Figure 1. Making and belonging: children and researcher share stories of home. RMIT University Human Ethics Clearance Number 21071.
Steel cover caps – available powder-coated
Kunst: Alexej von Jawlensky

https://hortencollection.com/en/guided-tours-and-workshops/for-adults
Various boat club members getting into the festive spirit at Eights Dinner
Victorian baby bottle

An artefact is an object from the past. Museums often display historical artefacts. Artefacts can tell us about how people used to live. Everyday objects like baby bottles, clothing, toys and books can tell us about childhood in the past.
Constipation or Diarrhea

◆ ◆ ◆ ◆ ◆ ◆ ◆

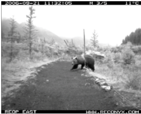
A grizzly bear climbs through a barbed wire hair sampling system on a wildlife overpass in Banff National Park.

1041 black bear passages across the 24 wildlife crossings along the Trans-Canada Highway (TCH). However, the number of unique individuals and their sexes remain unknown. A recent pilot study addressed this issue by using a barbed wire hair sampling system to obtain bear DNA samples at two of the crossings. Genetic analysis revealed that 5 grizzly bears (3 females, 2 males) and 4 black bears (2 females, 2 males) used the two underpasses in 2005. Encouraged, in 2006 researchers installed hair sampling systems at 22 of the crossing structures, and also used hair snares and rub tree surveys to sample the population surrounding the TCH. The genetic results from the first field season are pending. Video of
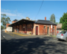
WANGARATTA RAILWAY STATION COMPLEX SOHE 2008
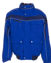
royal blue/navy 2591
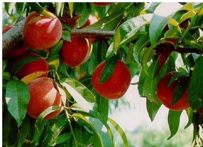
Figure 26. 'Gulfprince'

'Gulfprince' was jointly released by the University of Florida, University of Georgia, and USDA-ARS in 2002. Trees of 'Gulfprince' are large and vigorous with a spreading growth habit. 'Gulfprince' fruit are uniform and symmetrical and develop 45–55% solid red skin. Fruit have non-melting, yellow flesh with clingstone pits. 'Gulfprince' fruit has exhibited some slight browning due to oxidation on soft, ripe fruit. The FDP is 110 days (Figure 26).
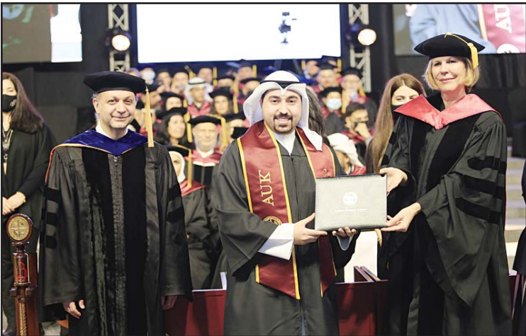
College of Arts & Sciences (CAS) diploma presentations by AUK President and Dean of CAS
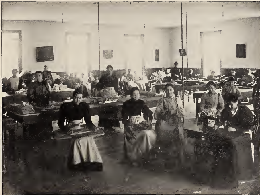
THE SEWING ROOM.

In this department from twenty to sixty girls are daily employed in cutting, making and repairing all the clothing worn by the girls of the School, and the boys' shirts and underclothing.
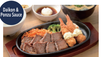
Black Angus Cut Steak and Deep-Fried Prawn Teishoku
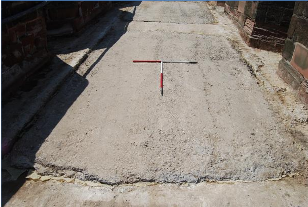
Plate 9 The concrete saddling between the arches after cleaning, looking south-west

◆ ◆ ◆ ◆ ◆ ◆ ◆

BRIEF: Quote the data above from the line containing "Victorian baby bottle" to the line containing "Constipation or Diarrhea", inclusive, and stop.

TASK SOLUTION:
Victorian baby bottle

An artefact is an object from the past. Museums often display historical artefacts. Artefacts can tell us about how people used to live. Everyday objects like baby bottles, clothing, toys and books can tell us about childhood in the past.
Constipation or Diarrhea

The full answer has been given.